On the road: Loke being briefed by Miros director-general Dr Siti Zaharah Ishak officer during his visit to the centre. Looking on is Miros chairman Tan Tri Lee Lam Thye (fourth from right).

KUALA LUMPUR: Bus operators could soon be subjected to the Safety Star Grading (SSG) programme to improve their services, says the Transport Minister.

Anthony Loke said the programme was being carried out on voluntary basis now, adding that it has been effective in providing a sense of confidence to the public.

He said if the programme was made mandatory and services improved, bus operators could use this as a basis to ask for fare hikes.

“This programme is good because it gives confidence to the public. More stars mean better services, safety and efficiency,’’ he told reporters after visiting the Malaysian Institute of Road Safety Research (Miros) in Kajang yesterday.

Loke said to date, only 20 bus operators participated in the programme which Miros introduced in 2013.

The SSG programme accords a star-rating based on the level of safety compliance by bus operators and through the programme, public would know the safety level of operators.

Loke said over 36,000 permits had been issued for various bus operations.

“As the programme is conducted on a voluntary basis, the low number of participants is not surprising.

“If we can make it compulsory, as we are seriously considering, it could give a sense of competition for bus operators to improve their services and safety standards.

“When their services are good and the public are satisfied with it, the operators may have a good argument to ask for a fare hike,” he said.

On another matter, Loke said the Recommendation Review Panel (RRP) had been given three months to table an interim report on the progress achieved on the 51 recommendations which followed the Genting Highlands bus crash in 2013 which killed 37 people.
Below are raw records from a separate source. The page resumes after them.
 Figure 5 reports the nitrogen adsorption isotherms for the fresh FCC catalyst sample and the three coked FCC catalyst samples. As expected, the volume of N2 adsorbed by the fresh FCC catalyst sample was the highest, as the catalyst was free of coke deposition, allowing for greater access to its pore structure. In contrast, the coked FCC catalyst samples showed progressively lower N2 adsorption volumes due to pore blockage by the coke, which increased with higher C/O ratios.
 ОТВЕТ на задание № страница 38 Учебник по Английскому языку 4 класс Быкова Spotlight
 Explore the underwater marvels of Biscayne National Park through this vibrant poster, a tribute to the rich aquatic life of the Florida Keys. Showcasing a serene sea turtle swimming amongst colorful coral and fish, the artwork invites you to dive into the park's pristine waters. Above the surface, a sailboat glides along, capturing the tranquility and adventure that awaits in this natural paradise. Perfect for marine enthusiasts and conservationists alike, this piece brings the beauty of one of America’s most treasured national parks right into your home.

“The interim report will be made public so that we all will know what action has been taken. “We are not going to waste time researching or suggesting because there is already a complete report and recommendations. It is time for us to act,” he said.
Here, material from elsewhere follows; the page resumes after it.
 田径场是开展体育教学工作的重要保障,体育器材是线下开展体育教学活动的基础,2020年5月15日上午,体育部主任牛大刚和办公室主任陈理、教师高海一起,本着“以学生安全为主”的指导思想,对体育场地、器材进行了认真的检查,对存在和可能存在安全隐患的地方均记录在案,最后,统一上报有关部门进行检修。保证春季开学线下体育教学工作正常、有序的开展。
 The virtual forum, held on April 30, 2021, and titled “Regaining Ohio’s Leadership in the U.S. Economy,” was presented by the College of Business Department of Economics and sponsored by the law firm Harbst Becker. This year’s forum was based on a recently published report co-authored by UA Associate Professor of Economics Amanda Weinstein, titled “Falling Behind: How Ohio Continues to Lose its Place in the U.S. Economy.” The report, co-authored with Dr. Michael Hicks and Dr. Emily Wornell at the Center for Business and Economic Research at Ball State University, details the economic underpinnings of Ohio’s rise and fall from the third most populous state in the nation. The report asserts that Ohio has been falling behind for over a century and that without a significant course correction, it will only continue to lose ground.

The panel held its first meeting on June 5 last year on the day it was set-up, and tabled its audit report on Dec 19.

The 11-member panel included Transport Ministry secretary-general Datuk Seri Saripuddin Kasim and Miros chairman Tan Sri Lee Lam Thye as co-chairmen and Miros director-general Dr Siti Zaharah Ishak as secretary.

Loke also said the ruling on car child seats might not be enforced next year, adding that this decision was made by the previous administration.

“The ministry needs to review the ruling to determine its practicality,” he added.